Feast of Saint Cecilia (22 Nov 2011)

This date, November 22, in the year 1963 in Dubuque, Iowa, was a balmy day, much like today in Houston.  My classmates and I had been ordained to the priesthood just the previous April.  We had just finished lunch, and were talking together in our recreation room before the time for afternoon chores began.  The telephone rang.  It was one of the priests in the part of the building where our professors lived, telling us to turn on the television: the President had been shot in Dallas.  I didn’t even know that the President was IN Dallas.  Within a few minutes, though, the sad news was confirmed: President John Fitzgerald Kennedy was dead.  I went to the chapel to pray for his repose before the Blessed Sacrament, and found myself beginning to cry.  I wondered why; I was not particularly fond of him, nor was I especially interested in politics, but the horror of our President gunned down right in the heart of one of our major cities was so shocking and outrageous that it brought tears then and for many days afterward. That was forty-eight years ago.  Years later, I visited the sixth floor of the Texas Schoolbook Depository, the building from which the fatal shots were fired.  And I stood at the very window where the assassin lifted his rifle, sighted his prey, and murdered our Chief Executive.  When you are in that spot, it seems so terribly close to the place where the open car was passing slowly, on the street below.
Much closer to my own experience, this is the date on which one of our fellow Dominican priests died just seven years ago.  Father John Ignatius Reardon was a native of South Dakota, born in 1921.  He and I taught together at a high school in Dallas for four years.  Then later, we were together again in Saint Dominic Parish in New Orleans.

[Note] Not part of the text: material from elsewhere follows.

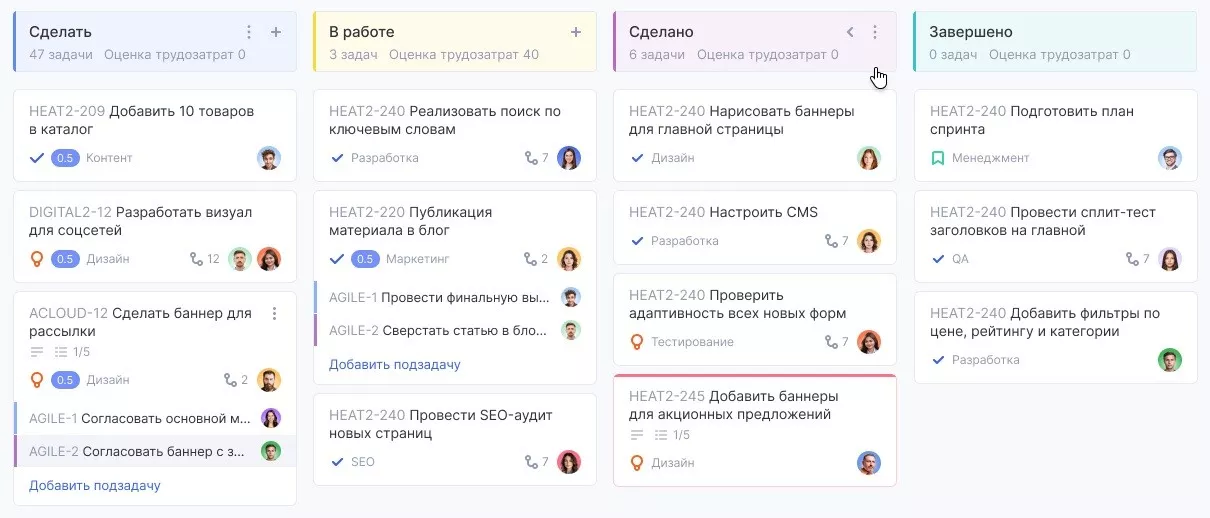 На доске хорошо видно, где копятся карточки. Если на этапе согласования много задач, но они не двигаются, это сигнал: нужно менять процесс работы с заказчиком или пересматривать регламент согласований. Если задачи постоянно возвращаются на доработку, стоит проверить качество входных данных или стандарты оформления.

His health was failing and he died in 2004.  That time gave us the opportunity to talk together and look back over our lives.  One of the surprising things he told me is that he never felt that he did anything very well.  He was constantly troubled by the feeling that he was a failure at whatever he did.  And that certainly was not true; he was a fine teacher, school administrator, preacher, and zealous priest.  But we all have our crosses to carry, and that was one of his.  He surely never gave the impression of feeling like a failure, and my heart went to out him when he spoke of that to me.  We all remember, I suppose, the wonderful words addressed by the businessman in Our Lord’s parable to the servant who had done well while his boss was away. “Well done, good and faithful servant,” the boss or master told him.  If I can venture to judge of these things, I would say that Father Reardon heard those wonderful words upon his entrance into eternal life. What a joyous relief and surprise for a man who had always thought of himself as a failure to receive this wonderful accolade from the lips of our Divine Lord! May we all get this kind of welcome into eternity. Thank you for seeking God’s truth.  God bless you.  Father Victor Brown, O.P.